Unfair business practices outlined by the NAIC include:
- Policy misrepresentations and misleading advertising
- False information and advertising in general
- Boycott, coercion and intimidation
- False statements and entries
- Stock trading contracts and advisory boards
- unfair discrimination
- Group Enrollments Prohibited
- Not keeping marketing and performance records.
- Failure to maintain complaint handling procedures.
- False insurance applications
- Unfair Financial Planning Practices
- Failing to submit or certify information regarding the endorsement or sale of long-term care insurance
- Failure to provide claims history
- Violate any other section of the state insurance laws regarding unfair practices
In the interest of time, we will explore just two unfair business practices in more detail, misrepresentations and misleading advertising of policies and refunds.
1. Misrepresentation and misleading advertising of policies
Misrepresentation or misleading advertising of any aspect of an insurance policy is considered an unfair trade practice. Exaggerating the benefits, perks, conditions, or terms of a policy could cause a customer to purchase coverage that leaves them without enough coverage.
For example, suppose an agent informs a customer that the homeowners policy they are considering includes flood coverage at no additional charge when, in fact, it does not. Heavy rain causes the client’s home to flood, resulting in thousands of dollars in damage, but the client isn’t overly concerned about the cost because he believes his insurance policy will cover it.
Whether intentional or not, the producer who sold the customer the homeowners policy has engaged in an unfair trade practice. Because the producer was not honest about the benefits of the policy, the client now faces paying out-of-pocket for damages.
In insurance, rebate refers to the act of returning a portion of the producer’s commission to the insured in order to encourage a sale. Consumers are lured in by these deals (who doesn’t want to save some money?) and may be influenced to buy coverage they don’t really need or want.
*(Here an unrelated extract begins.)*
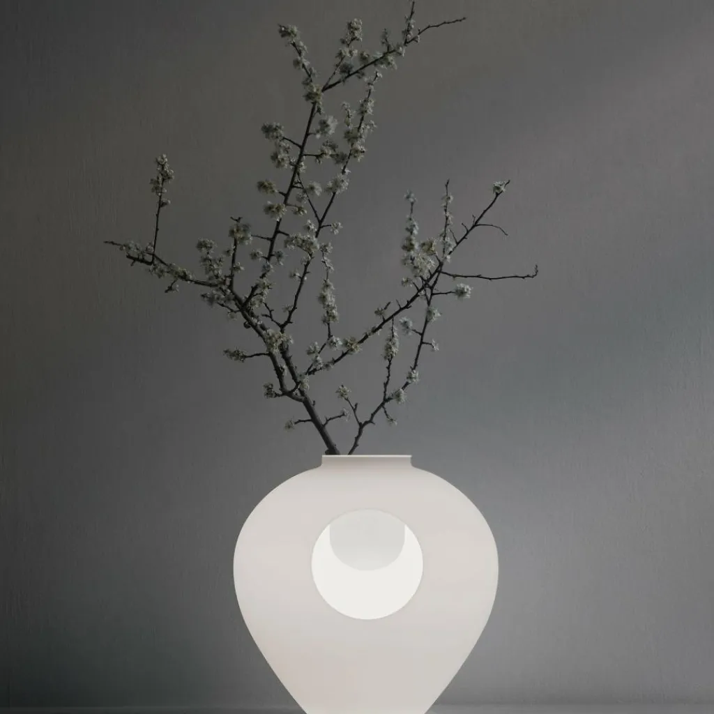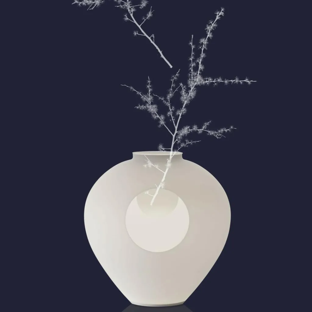Die runde Öffnung mit einem eingearbeiteten Gefäß ermöglicht einen vielseitigen Einsatz als Dekoelement. So kann in der Madre LED Tischleuchte ein schöner Ast mit Knospen eingesteckt oder andere dekorative Elemente ähnlich wie in einer Vase arrangiert werden. Ein LED-Leuchtmittel mit 17,5W ist im Lieferumfang bereits enthalten. Die Höhe der Madre LED Tischleuchte beträgt 36cm und der Durchmesser 30cm. Am Fuß hat die Tischleuchte einen Durchmesser von 13cm, was für einen stabilen Stand auf dem Tisch oder auf einer Kommode ideal ist.

Reimbursement is a good example of why it’s important to always check your state’s specific regulations. Although the Unfair Trade Practices Act includes anti-refoulement provisions, California and Florida they have slightly different rules. Even when states allow it, insurance companies still have the final say on what they will allow in their contracts and often do not allow reimbursement even if a state does.
What is the cost of insurance default?
Failure to comply with the laws set forth in the Unfair Trade Practices Act, as well as state-specific regulations, is illegal. The state insurance commissioner has the power to investigate any insurer or insurance agency/agent to determine if they have engaged in unfair business practices.
If the commissioner finds an insurer or agency guilty of engaging in unfair business practices, the violator could be fined up to $1,000 per violation (and up to $25,000 per violation for acts committed with knowing contempt) or even have their license suspended. Both consequences could negatively affect the reputation and growth potential of a producer or agency.
Default can be costly, but you can reduce our risk of facing these costs by investing in a modern insurance infrastructure. To see how AgentSync helps insurers, agencies, and MGA/MGUs streamline compliance so you can focus on growth.